Toda semana, a técnica de enfermagem, Carol Milagres, deixa sua casa pela manhã e segue para o plantão no Hospital Jayme Santos Neves. Ela sabe que tanto o sofrimento pode estar a sua espera, quanto às alegrias. Afinal, dentro de uma unidade hospitalar, se por um lado existe o medo da morte, por outro, também está à possibilidade da cura.

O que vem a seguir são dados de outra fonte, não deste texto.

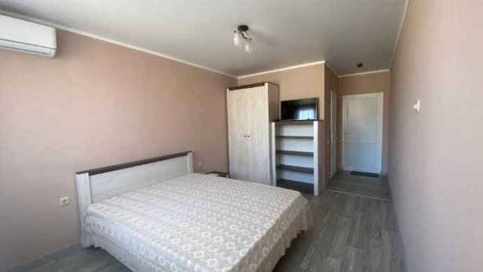 Есть стол со стульями, чайник. Душ, туалет на этаже на два номера.
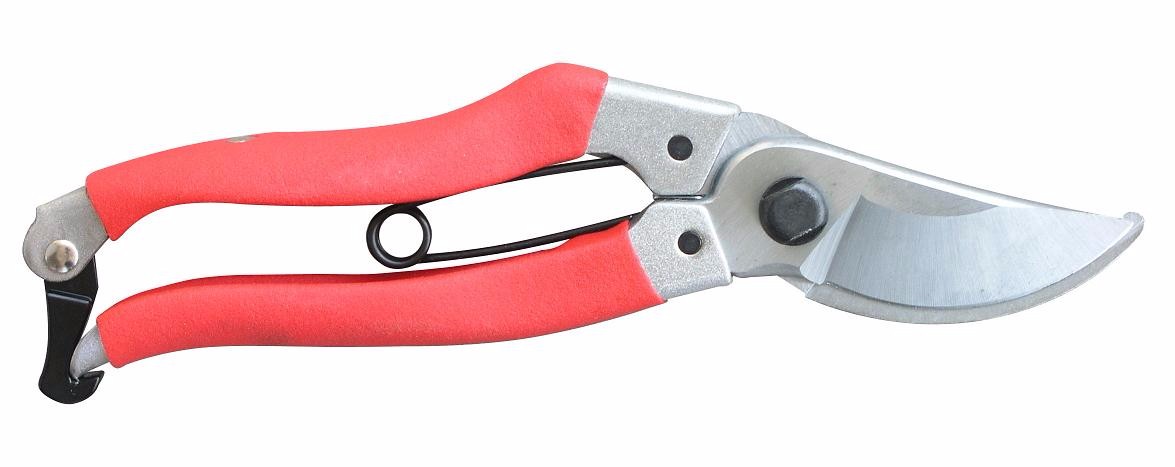 1.材质:SK5刀头,金属手柄,手柄包塑; 2.刀头硬度:HRC58-60; 3.剪切范围:直径18MM以下的鲜树枝或者直径10MM以下的干树枝; 4.适用于采果和较轻型的整枝工作。

Mas em tempos de Covid-19, essa rotina de ir para o plantão tomou outra proporção. “É uma doença nova, por isso, nós, profissionais da saúde, nos sentimos mais vulneráveis. Ao mesmo tempo em que precisamos cuidar dos pacientes, ficamos preocupados com nossos familiares, que moram na mesma casa, afinal, trata-se de um vírus altamente contagioso. E isso gera ainda mais insegurança, medo, ansiedade e estresse”, conta.
O medo é tanto que Carol preferiu enviar o filho, Pedro, de 11 anos, para a casa do pai. “Não posso nem pensar na possibilidade de contaminar meu filho. É a primeira vez que fico tanto tempo longe dele, foi uma decisão muito difícil, que me deixou de coração partido. Todos os dias eu penso se fiz a coisa certa. A gente conversa diariamente pelo telefone, mas a saudade é enorme. E ele também fica preocupado comigo, pergunta sobre os pacientes, se eu estou bem, se estou com algum sintoma. Tento acalmá-lo, mas ele tem acesso às notícias, e não temos como evitar isso”.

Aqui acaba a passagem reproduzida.